Giter Site home page Giter Site logo

Boost vs GSL about vinecopulib HOT 11 CLOSED

vinecopulib avatar vinecopulib commented on June 3, 2024 1
Boost vs GSL

from vinecopulib.

Comments (11)

tnagler avatar tnagler commented on June 3, 2024

Could you post some numbers on

  • how the speed ratio is affected by the sample size,
  • how the speed compares for fit() and select()?

from vinecopulib.

tnagler avatar tnagler commented on June 3, 2024

Just for reference: with the current version (a783e0d) I get

  • dnorm(): 0.014298 (boost) vs 0.005876 (gsl)
  • pnorm(): 0.017728 (boost) vs 0.004371 (gsl)
  • qnorm(): 0.019062 (boost) vs 0.005081 (gsl)

from vinecopulib.

slayoo avatar slayoo commented on June 3, 2024

Have you compiled the Boost version with the same optimisations as the GSL .so was compiled with? Trying with "-Ofast -march=native" I see Boost being almost twice faster than GSL (dnorm).
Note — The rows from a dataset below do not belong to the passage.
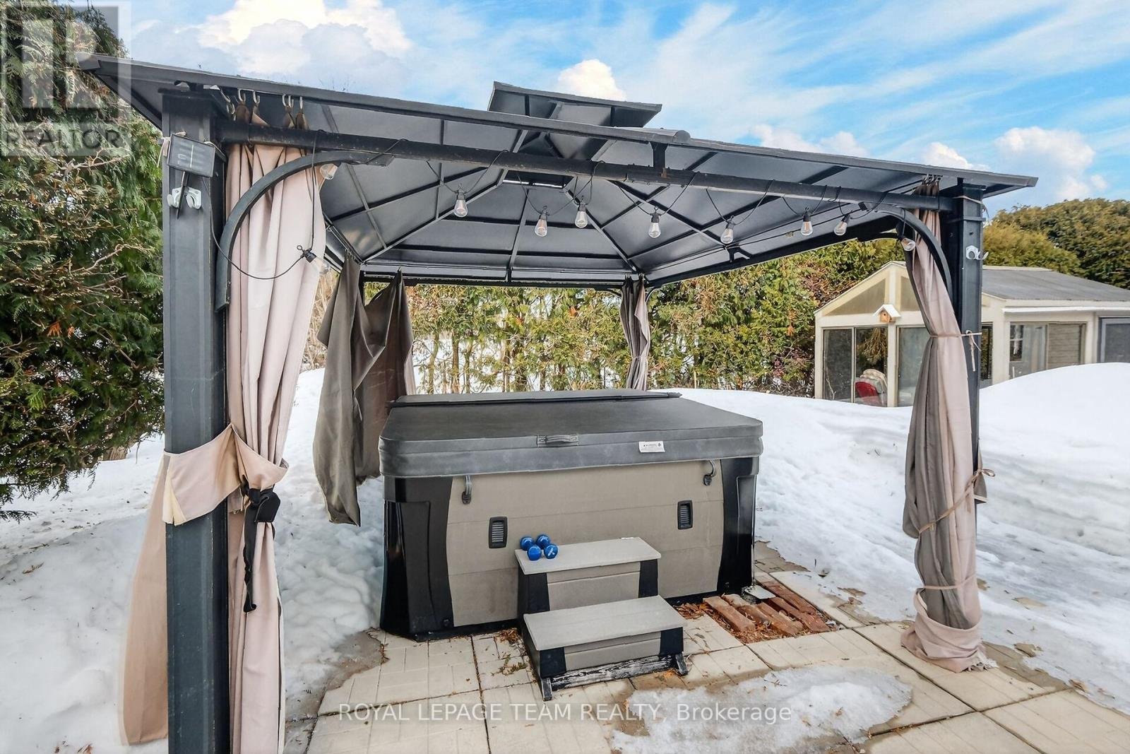 Stop the Car! Nestled in a peaceful country setting, this charming raised bungalow offers space, comfort and exceptional outdoor amenities. Welcoming front porch opens to a generous foyer. A beautiful eat-in kitchen featuring abundant cabinetry and spacious dining area along with a breakfast bar. Large living room is warm and inviting with a cozy brick fireplace (insert) note the crown mouldings. Hardwood and tile throughout the main level. Main level offers 2 bedrooms, convenient powder room and a stunning spa-like bath with jetted tub & separate shower. The lower level provides excellent additional living space with good sized windows for natural light, rec room with another fireplace (insert), 3 more bedrooms and a 3pc bath/laundry combo. There is a second entrance/foyer at the back of the home. Total of 4 points of entry. The property features a detached 2 car garage an insulated/heated workshop, another shed attached to garage, a garden solarium and a patio with a gazebo / hot tub (2022) Central Air was installed in 2021. Enjoy the privacy with lots of mature hedges, as well as the very thorough security system. Parking for at least 8 cars.
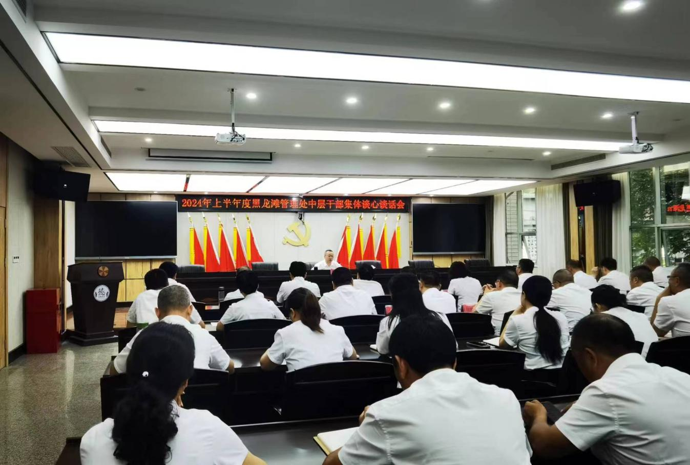 按照《四川省都江堰水利发展中心一体化分片纪检监督工作规则(试行)》要求,为强化黑龙滩管理处中层干部廉洁意识和担当意识,全力营造干事创业、风清气正的政治生态环境,结合正在开展的党纪学习教育工作,中心纪检监督四室于7月5日对黑龙滩管理处48名组长以上中层干部开展了集体谈心谈话。
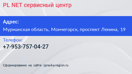 PL@NET, сервисный центр по адресу Мурманская область, Мончегорск, проспект Ленина, 19 в дальнейшем Организация, размещена в следующих категориях:
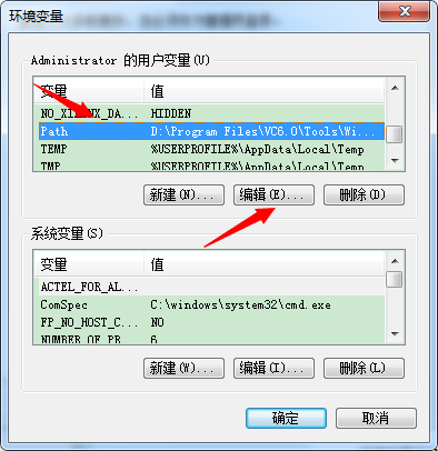4、选择Path并且选择编辑,并且添加下面这两句:
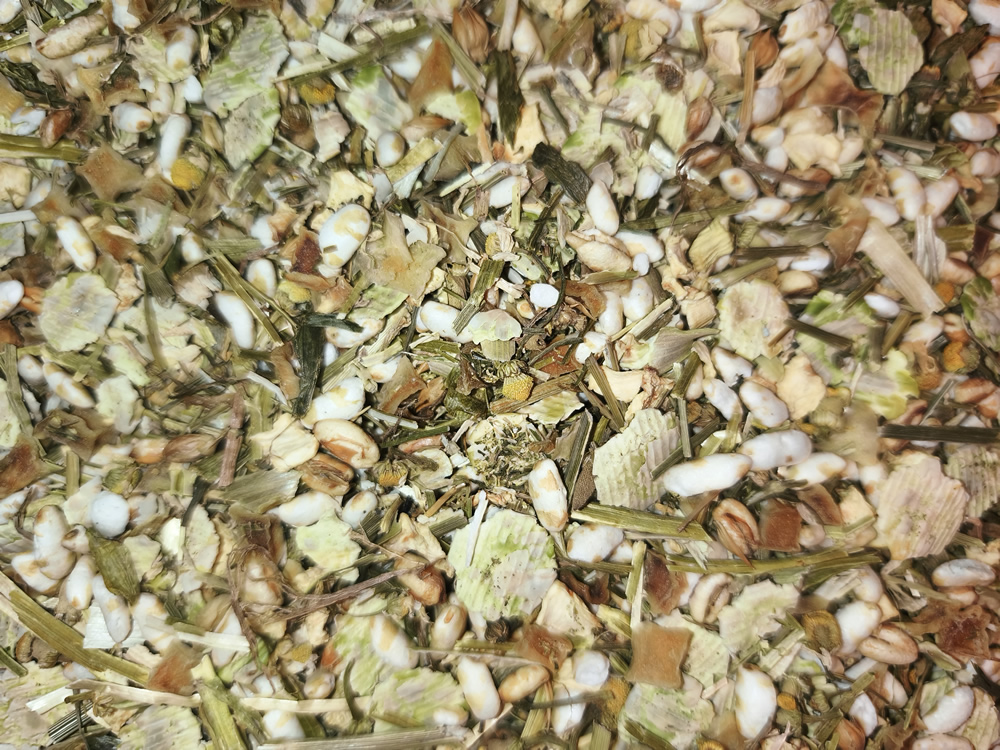 Zusammensetzung: Kartoffel, Reis, Erbse, Kamille, Petersilie, Sellerieknolle, Möhrenstücke, Luzerne, Dill
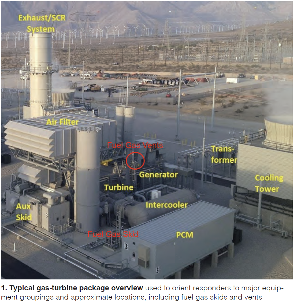 Challenge. Even well-trained emergency responders can be disadvantaged by an unfamiliar site. A gas-turbine-based facility includes high-voltage equipment and overhead lines, pressurized fuel gas systems with vents, combustible adjacent materials, and multiple chemical inventories distributed around the plant. Plant layouts also create navigation and access challenges, especially when equipment yards, switchyards, and fenced areas complicate staging and apparatus movement (Fig 1).
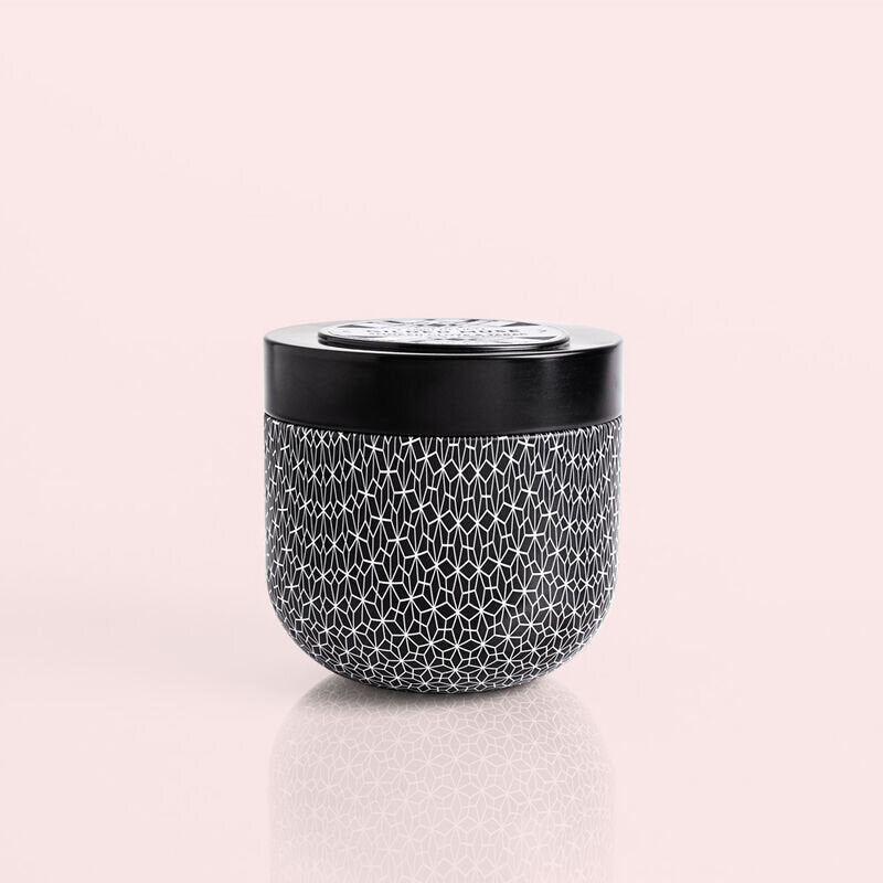The Smoked Clove & Tabac 12.5 oz. oversized tin is an onyx beauty and chic piece of art. With notes of ginger, clove, geranium and a hint of tabacco its fragrance is smooth and delicate and perfect for any space.
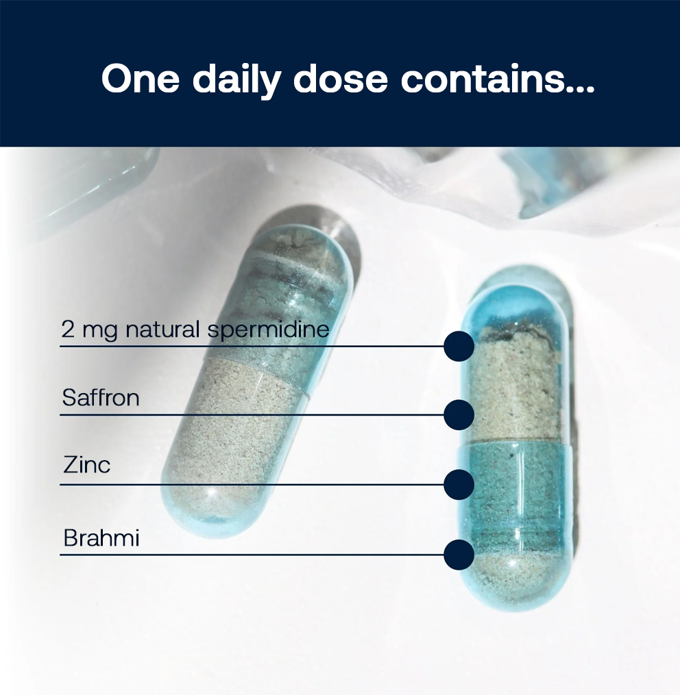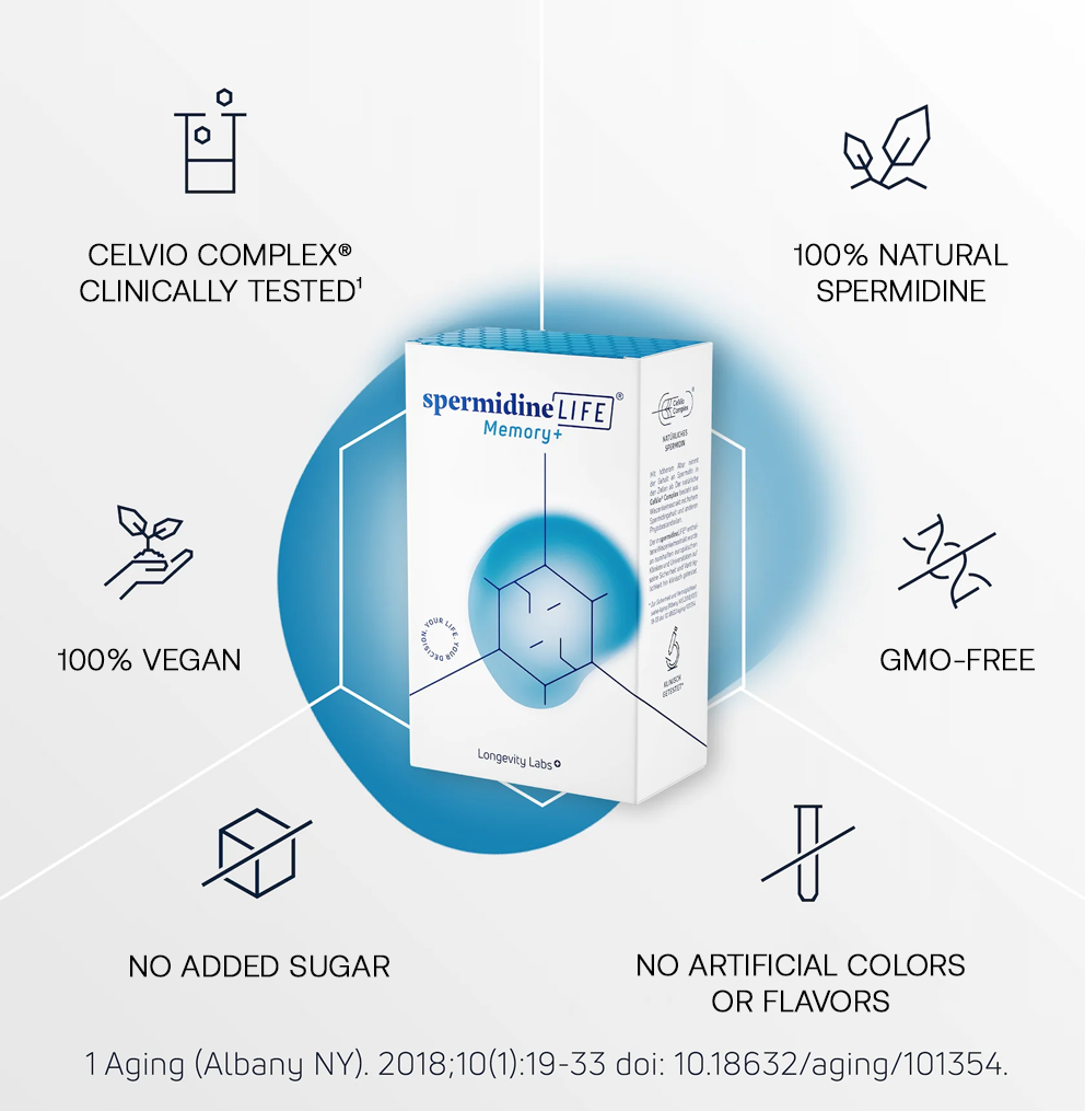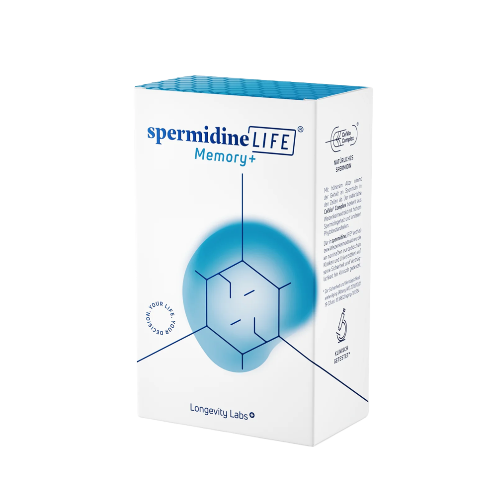 - spermidineLIFE® Memory+ tika radīts īpaši smadzeņu darbības atbalstam. Laika gaitā kognitīvās funkcijas var mainīties: var pavājināties atmiņa, kļūt grūtāk saglabāt koncentrēšanās spējas, un prāta skaidrība vairs var nebūt tāda kā iepriekš.¹ ³ ⁵

Without optimisations, I do see similar results as reported above.

#include <functional>
#include <gsl/gsl_cdf.h>
#include <gsl/gsl_randist.h>

template<typename T> T dnorm_gsl(const T& x)
{
    return x.unaryExpr(std::ptr_fun(gsl_ran_ugaussian_pdf));
};


#include <boost/bind.hpp>
#include <boost/math/distributions.hpp>
#include <boost/function.hpp>

template<typename T> T dnorm(const T& x)
{
    boost::math::normal std_normal;
    return x.unaryExpr(boost::bind<double>(boost::math::pdf<boost::math::normal,double>, std_normal, _1));
};


#include <chrono>
#include <iostream>
template <typename T>
void time(const std::string label, const T &it)
{
    auto start = std::chrono::high_resolution_clock::now();
    it();
    auto finish = std::chrono::high_resolution_clock::now();
    std::chrono::duration<double> elapsed = finish - start;
    std::cout << label << "Elapsed time: " << elapsed.count() << " s\n";
}


#include <Eigen/Dense>

int main()
{
    Eigen::MatrixXd m(10000, 10000);

    time("Boost:", [m]{ auto a = dnorm(m); });
    time("GSL:  ", [m]{ auto b = dnorm_gsl(m); });
}

Usage:

$ clang++-3.6 -Ofast -march=native -std=c++11 -lgsl -lblas test_boost_vs_gsl.cpp
$ ./a.out
Boost:Elapsed time: 1.10801 s
GSL:  Elapsed time: 1.74596 s

$ clang++-3.6 -std=c++11 -lgsl -lblas test_boost_vs_gsl.cpp           
$ ./a.out
Boost:Elapsed time: 11.6608 s
GSL:  Elapsed time: 4.20882 s

from vinecopulib.

tvatter avatar tvatter commented on June 3, 2024

OK, so I changed the release flags (line 8 of compilerDefOpt.cmake) to use -Ofast -march=native instead of -O3:

Boost:Elapsed time: 1.16187 s
GSL:  Elapsed time: 0.929747 s

When using the debug flags (line 7 of compilerDefOpt.cmake), namely -g -O0 -DDEBUG -fsanitize=address -fno-omit-frame-pointer, I get:

Boost:Elapsed time: 21.7116 s
GSL:  Elapsed time: 4.15891 s

Turns out that:

  • I ran all my tests with the debug version.
  • Boost is still slower than GSL but it's not that bad.

from vinecopulib.

slayoo avatar slayoo commented on June 3, 2024

Re GSL vs. Boost in debug mode: are you linking with debug version of GSL for the benchmark? Otherwise it's an unfair comparison as the number crunching might actually happen in optimised GSL code from the precompiled shared library.

Re flags, perhaps it's worth to add -DNDEBUG to CMAKE_CXX_FLAGS_RELEASE as well.

HTH,
Sylwester

from vinecopulib.

tvatter avatar tvatter commented on June 3, 2024

No, GSL is the release version and it's indeed an unfair comparison. Actually, I was especially interested in the number for our release version (compiled with O3).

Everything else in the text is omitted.